We must understand reversible processes as a prerequisite to studying reversible cycles. A reversible process is very similar to a quasi-equilibrium process, where process passes through a series of equilibrium states. The preconditions for a thermodynamically reversible process are as follows:

Additional preconditions concerning non-linear mechanical properties, electrical resistivity and chemical properties are not required in these notes.

DISCLAIMER: The following three examples concerning reversibility/ irreversibility are my own ideas that have yet to be formally peer-reviewed. I hope these slide shows and animations communicate ideas easily, so that the accepted text books will become easier to understand.

Example of solid-to-solid friction and irreversibility

Consider a simple mechanical analogy. A skier starts their journey in a U-shaped valley, from rest, on a slope at a height z=100 m above the valley floor. The system (human + skis) passes through state 1, state 2 and back to state 1.

Consider the net effect of the simple cycle 1-2-1. A frictionless version  of 1-2-1 can happen with no work transfer to the skier and no heat transfer to the surroundings (snow). However, friction demands that some applied work is irreversibly converted to heat and transferred to the surroundings (i.e. the snow). 

Example 4.020: With regard to the skier described above, (a) confirm that no mechanical work is required for the frictionless journey, (b) comment on the additional work required with friction. Explain why friction makes the descent thermodynamically irreversible? Make the additional assumption that the skis maintain instantaneous thermal equilibrium with surrounding snow (=at the same temperature). Also ignore aerodynamic drag.


During a cyclic process any friction causes the surroundings to transfer extra work irreversibly to the system, and the system to transfer extra heat irreversibly to the surroundings.

  1. Problem Statement: Classification of processes - thermodynamically reversible or thermodynamically irreversible.

  2. Diagram:

    Figure Example 4.020: Simple mechanical problem demonstrating reversibility (a) frictionless process with no heat and work transfer (b) friction applies during descent, causing irreversible heat and work transfer.

  3. Assumptions: See problem description. Also, a frictionless ascent (for the sake of simplicity).

  4. Physical Laws: First Law, relates friction work to heat transfer. Energy balance relates potential energy, kinetic energy and friction work.

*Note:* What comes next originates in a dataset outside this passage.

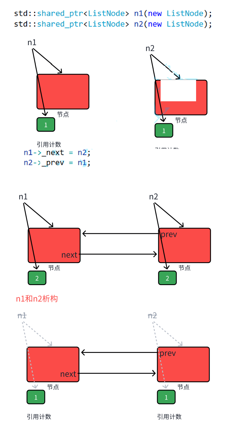 如下图所述场景,n1和n2析构后,管理两个节点的引⽤计数减到1

  5. Calculation: For process 1-to-2 write the energy balance as,

    $$ W_{12} + Q_{12} = KE_2+PE_2-KE_1-PE_1 = m(\frac{v_2^2-v_1^2}{2} +g (z_2-z_1)) $$

    (a) Frictionless case: In the absence of friction there is no heat loss and \( Q_{12}= 0 \) and we are asked to confirm that \( W_{12}=0 \). If we put numbers into the above equation,

    $$ W_{12} = m ( \frac{44.3^2-0^2}{2} +9.81(0-100)) = m \times 0 = 0 \quad (3s.f.) $$

    This is a simple conversion of potential energy to kinetic energy. The reverse conversion happens on the ascent (with process 2-3 equivalent to a process 2-1), with zero work required. No work is transferred from the surroundings to the system, and in the absence of friction no heat is transferred from the system to the surroundings. The (frictionless) descent is reversible.

    (b) Friction case: Friction leads to a loss of kinetic energy and corresponding heat loss to the surroundings, so that the skier does not reach the original velocity of \(v_2 = 44.3 m/s \). If no work is done during the descent.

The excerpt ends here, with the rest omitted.